The chimera of the Polisario gaining the status of representative of the Sahara was deluded once again as Algeria and Venezuela failed to gather support for their scheme to undermine Morocco’s sovereignty over the Sahara at UN fora.
The friends of Morocco also decried in a message the maneuvers of the Venezuelan Presidency of the Committee and its biased and hostile stands towards the Kingdom.
Earlier this month, The Fourth Committee elected Yasser Halfouni of Morocco as the Vice-Chair by 88 votes to 58 for the Algerian candidate Zaina Benhabouche.
Since Morocco retrieved its Sahara southern provinces, Algeria pulled the strings of the Polisario within the Fourth Committee in a vain attempt to undermine the Kingdom’s territorial integrity and alter the regional character of the conflict over the Sahara to serve its hegemonic aims in the region.
Morocco has on multiple occasions protested against maintaining the Sahara issue on the decolonization agenda of the Fourth Committee on grounds that it violates the UN charter and the mandate of the Security Council.
Article 12 of the UN charter, which clearly stipulates that “while the Security Council is exercising in respect of any dispute or situation the functions assigned to it in the present Charter, the General Assembly shall not make any recommendation with regard to that dispute or situation unless the Security Council so requests.”

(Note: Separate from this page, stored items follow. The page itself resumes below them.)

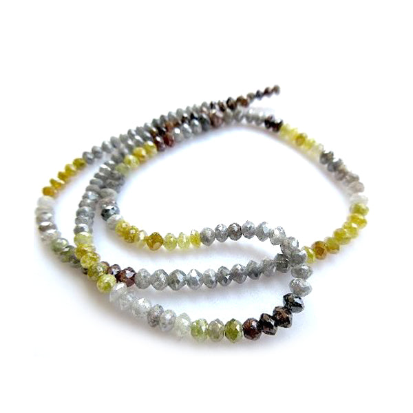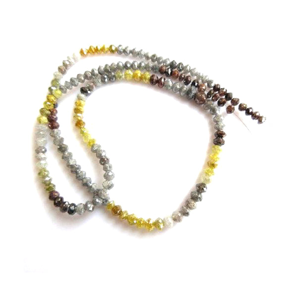We are offering fancy colors of diamond beads in two lot sizes; 2 – 3mm and 3 – 4mm. The lot has beads of all colors that you desire such as black, gray, yellow and, orange. The size of the Fancy color diamond beads necklace is 20 inches and the weight of the diamond bead necklace is 24 carats.
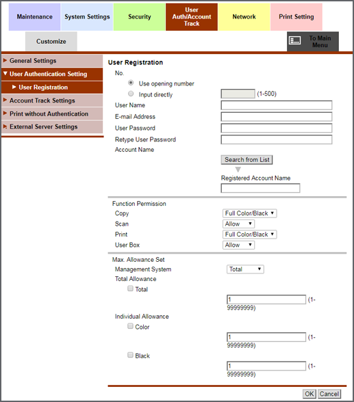 Screen access | Web Connection - [User Auth/Account Track] - [User Authentication Setting] - [User Registration] | ||
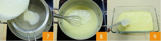 Filtra la crema obtenida y viértela en la cacerola donde habías calentado la leche 7; cocina la crema a fuego lento, mezclando continuamente con un batidor 8 hasta que llegue a una ligera ebullición. La crema estará lista cuando se vuelva más espesa hasta cubrir una cuchara de madera. Luego apaga el fuego y transfiere la crema obtenida a un recipiente grande 9. Cubre con film de plástico en contacto y deja aparte a temperatura ambiente para que se enfríe.
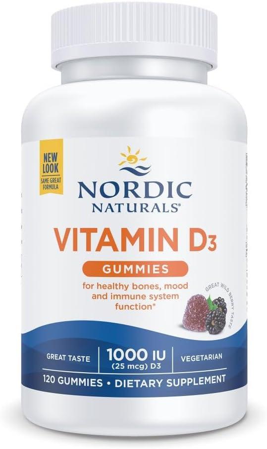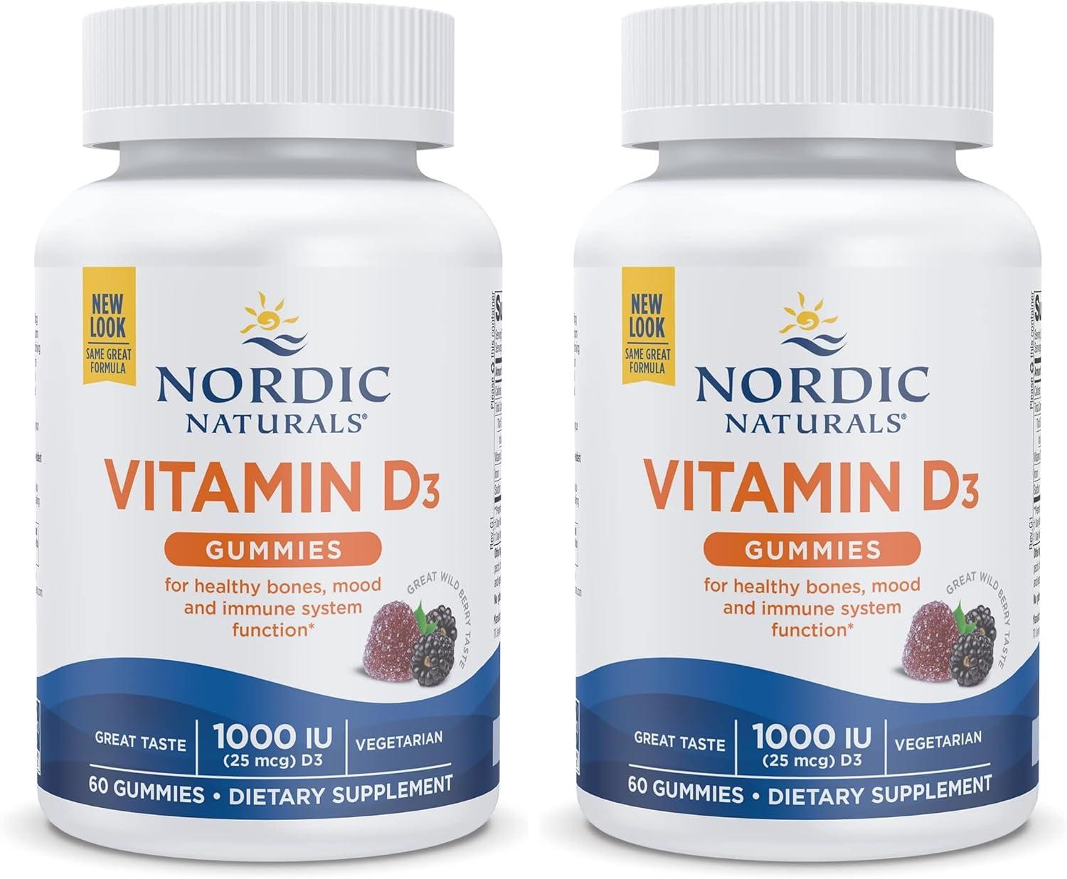Nordic Naturals Vitamin D3 Gummies, Wild Berry – 60 Gummies – 1000 IU Vitamin D3 – Great Taste – Healthy Bones, Mood & Immune System Function – Non-GMO – 60 Servings(Wild Berry)

The Sahara issue has been part of the jurisdictions of the Security Council since 1988 as part of Article VI. Therefore maintaining the issue on the Fourth committee’s agenda creates confusion and inconsistency with the UN Charter.
Moreover, the terminology used in the Security Council resolution has never labelled the conflict as a decolonization issue and has never called the Sahara as an occupied territory. The Security Council uses accurate terms calling the Sahara issue a “regional conflict.”